I Have This Watch

So I have this watch. It’s a pink-faced Fossil that was gifted to me. At a memorial service. For a friend I had only met maybe eight months before. A friend who I had no idea how much she would impact my life, even in death.

Marleea

Marleea and I met at a HipHop aerobics class at a local gym while I was living in San Diego. I had been going for a couple of weeks and had noticed a Shoei with a pink butterfly on the side of it. There was a girl in this hiphop class that rode a motorcycle.

I happened to catch her one night as she was gearing up and introduced myself. Though I don’t even really remembering the conversation, except that she was heading to bike night in Mira Mesa, and that I should go home to get my bike so I could meet up with her. I took her up on the offer.

Marleea had the kind of personality that made anyone like her as soon as they met her. She was full of Light, always smiling, laughing and just made you feel good to be around her. We were instant friends, workout partners and riding buddies. Every Monday and Thursday night, we would meet at hip hop class. On Thursdays after class, we would ride over to Starbucks for bike night and go on a short little night ride.

She texted me one Friday evening, asking if I wanted to ride out to Julian with some mutual friends Saturday morning. I had already had plans to go dancing with a friend in Carlsbad and planned to stay at her house overnight. So I passed and promised I’d be at hiphop on Monday.

Saturday afternoon, I received a text from one of the friends on the ride. She had crashed on their way home, and passed away in his arms.

Over the next five years following Marleea’s death, I fell into depression. Not so much because of Marleea’s death, but because of other factors, namely failed relationships and loneliness. I had moved back to Oceanside and was searching for something but didn’t know what.

Marleea had attended a popular mega-church in San Diego. A friend of mine mentioned to me that they were opening a satellite campus near me, and because it was so popular, I thought I’d go check it out.

I attended that church for four or five weeks, bawling my eyes out in the back of the sanctuary by myself. Four or five weeks listening to the pastor talk about how much Jesus loves us and wants to save us from the bondage of sin and evil.
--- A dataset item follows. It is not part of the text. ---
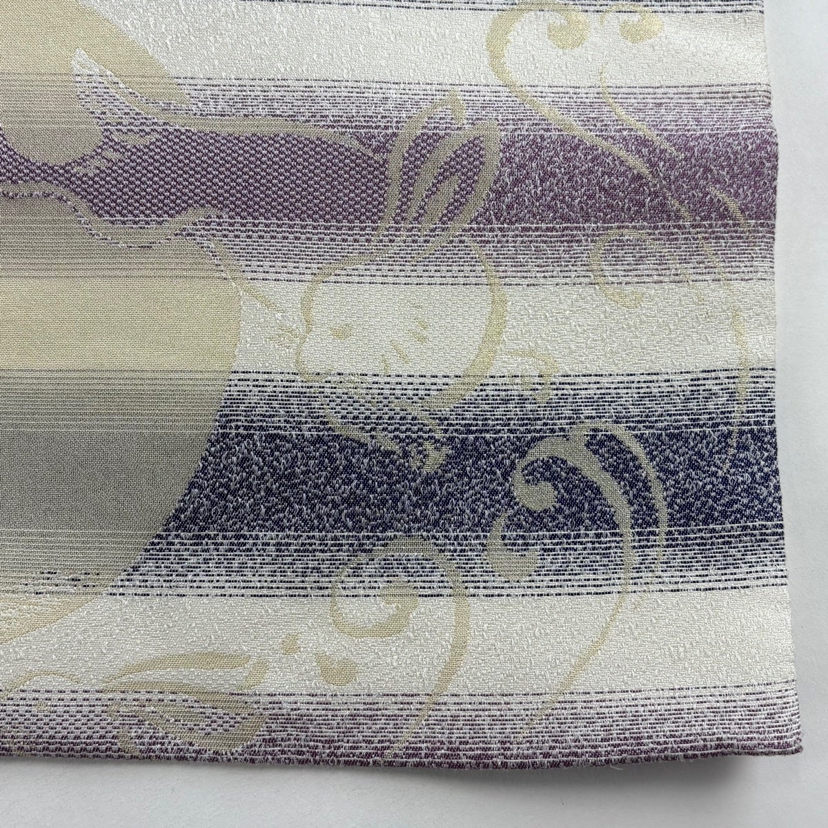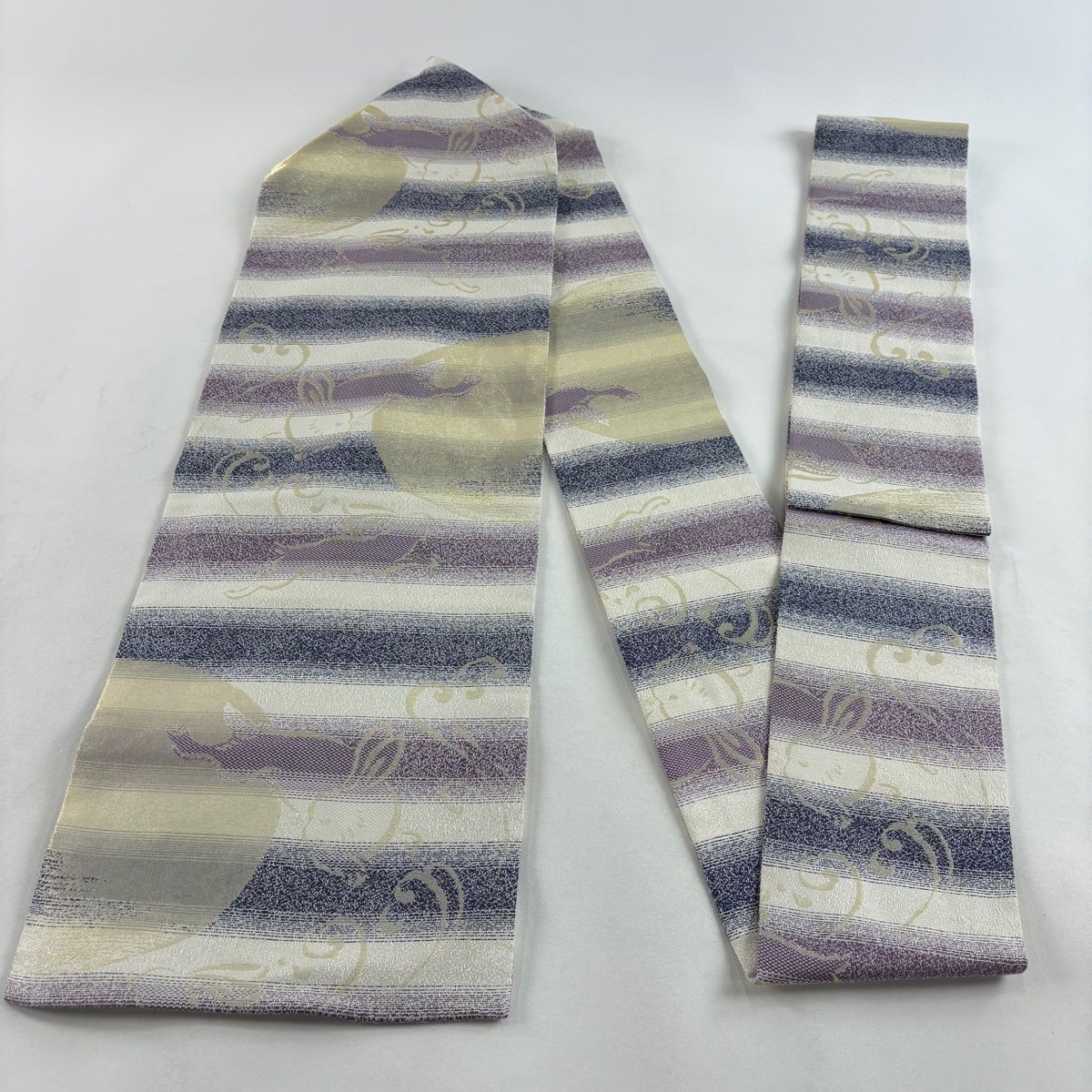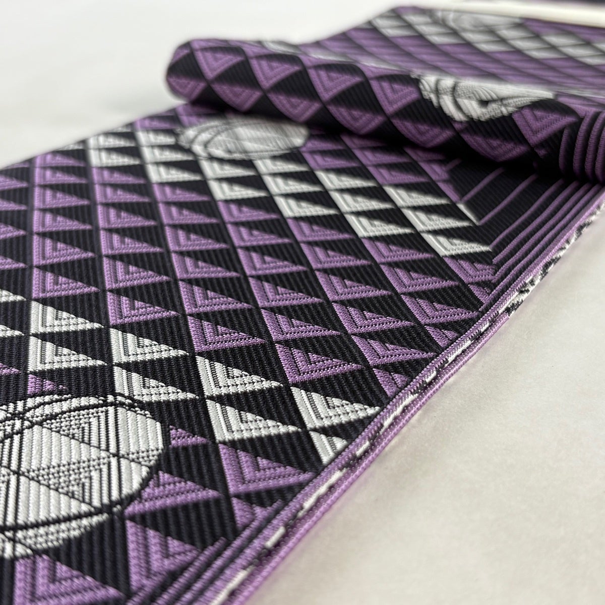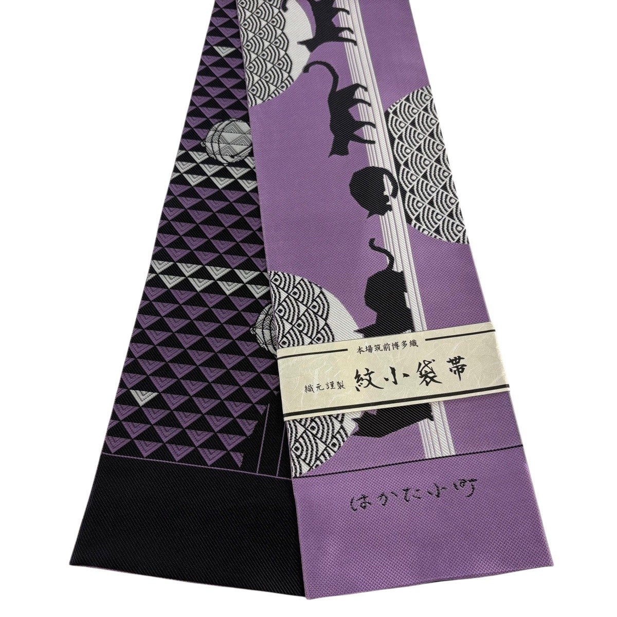 【美品】半幅帯 逸品 本場筑前博多織 はかた小町 猫 青海波 薄紫 正絹

I told God, “if You’re real, take this pain and this baggage from me, and I will follow You and do whatever You say for the rest of my life.”

It wasn’t until I got saved that I realized that the Light that was coming from Marleea was Jesus. It’s so clear to me now, looking back, how much she loved Him and allowed Him to use her for His glory.

Marleea and I didn’t have a deep, close relationship. We were good friends, riding buddies, dance partners. But I’m not sure where I would be today, if I hadn’t met her and seen her Light. It was because of her that I decided to check out this specific church that was teaching on this specific message at the specific time I was at my lowest and ready to end my life.

So I have this watch. Similar to this one. It’s the same watch Marleea wore every day, and one that I mentally noted was a cute watch. I’m not sure what her husband’s intention was when he handed it to me. Actually, he handed a few of them out to different people. But I think of her literally every time I wear it. Her smile, her laugh, her light, her ability to make everyone around her happy just to be around. And it inspires me to do the same. I fail most of the time, but I hope one day God will be able to use me in the same way He used her to make such a huge impact on someone’s life. To SAVE someone’s life. To bring someone TO life in Christ.

So I leave you with this, my friends. Be encouraged and keep up the good work; most of us will never know the impact we make on other people; be it friends, acquaintances or strangers. I pray we would be the light to those who are hurting and those who need someone just to make their day a little bit brighter. And I pray we do that by the power of the Spirit, and that by our actions and being able to show love to one another, that we would bring glory to our Father’s name.

xoxo

(PS) After I finished writing this blog, I went through my Facebook memories. On this day, 8 years ago, a friend posted photos of me at the bike night we hung out at. A second memory, I made a post about how my mother had given me a rosary bracelet after Marleea’s death. Thank you for the little things, Jesus.